Does N.J.S.A. 2A:15-97, New Jersey's collateral source rule, permit health insurers to recoup medical payments made on an insured's behalf through subrogation or contract reimbursement when the insured recovers a judgment or settlement from a tortfeasor?


Opinions:

Majority - Long, J.

No, N.J.S.A. 2A:15-97, the collateral source rule, does not allow health insurers to recoup medical payments made on an insured's behalf through subrogation or contract reimbursement when the insured recovers a judgment or settlement from a tortfeasor. The purpose of N.J.S.A. 2A:15-97 is twofold: to eliminate double recovery for plaintiffs and to allocate the benefit of that change to liability carriers. Allowing health insurers to recover funds expended would contravene this legislative intent by reallocating the benefit away from liability carriers and back to health insurers. The legislative history unequivocally demonstrates that New Jersey's modification of the common-law collateral source rule was intended to reduce the cost of liability insurance by shifting the burden of covered medical expenses, at least to some extent, from liability carriers to health and disability third-party payers.

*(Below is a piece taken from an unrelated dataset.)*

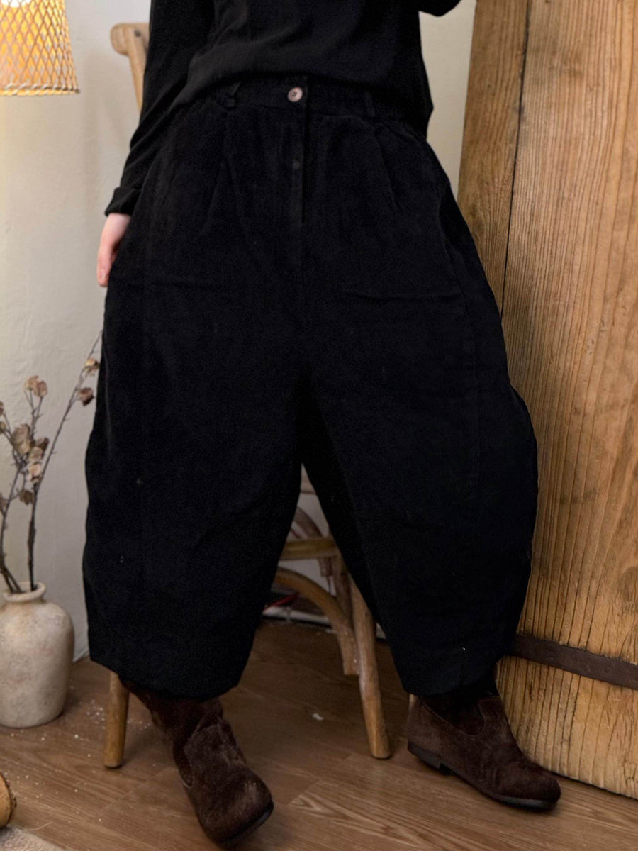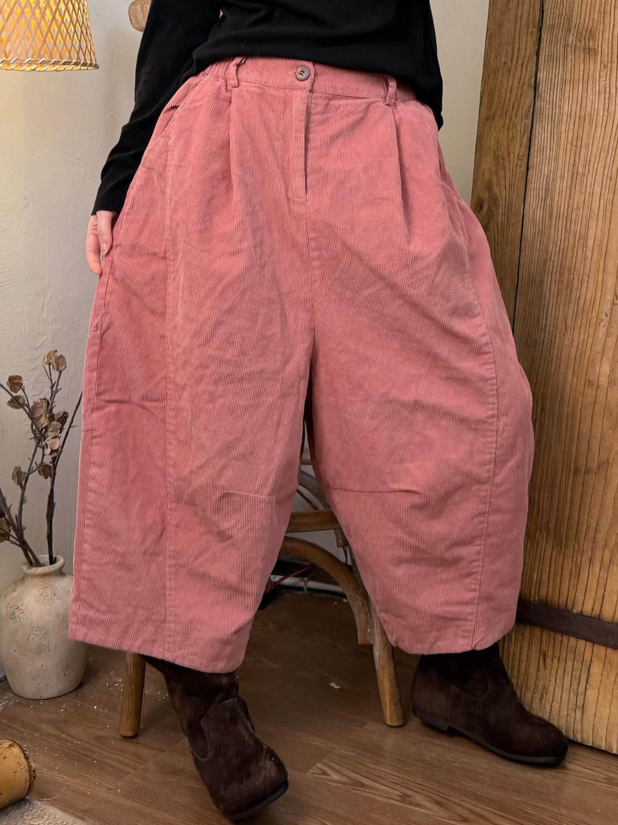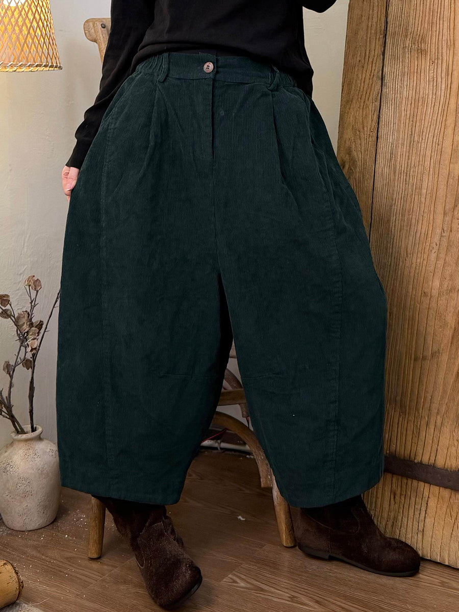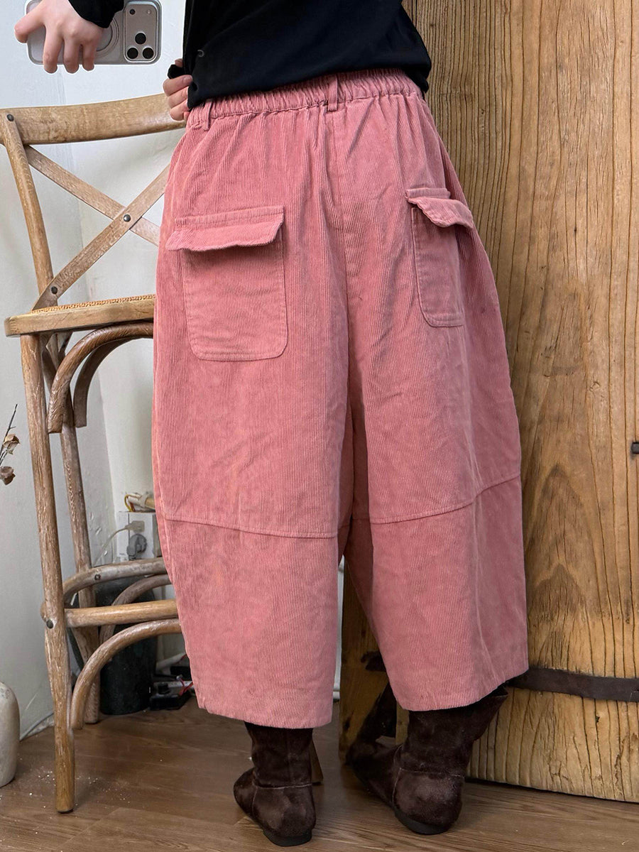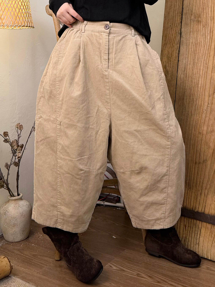 Women Winter Retro Pure Color Corduroy Harem Pants

The Court found no pre-existing common-law equitable right to subrogation for health insurers; such a right historically existed for property damage insurance, but not for personal insurance like health coverage, where exact loss is less ascertainable. Furthermore, while the Commissioner of Insurance later promulgated regulations permitting subrogation and reimbursement provisions in health insurance contracts, these administrative rules cannot override a clear legislative mandate. Therefore, the regulations must be interpreted narrowly to apply only to cases where N.J.S.A. 2A:15-97 does not apply, as in instances where the collateral source rule dictates that the medical expense amounts are subtracted from the judgment, meaning the insured has no entitlement to 'receive' them for reimbursement.



Analysis:

This case clarifies the allocation of risk and benefit under New Jersey's collateral source statute, firmly placing the burden of medical expenses paid by health insurers on the health insurance industry rather than allowing them to recoup from tortfeasors or their liability carriers. The decision prevents health insurers from essentially avoiding their contractual obligations to pay for medical care when a tortfeasor is also involved, ensuring that the benefit of legislative tort reform accrues to liability carriers. This precedent reinforces the primacy of legislative intent in statutory interpretation, especially when administrative regulations might appear to conflict with a statute's clear purpose. Future cases must respect this legislative allocation, thereby limiting health insurers' ability to recover from tort judgments in New Jersey.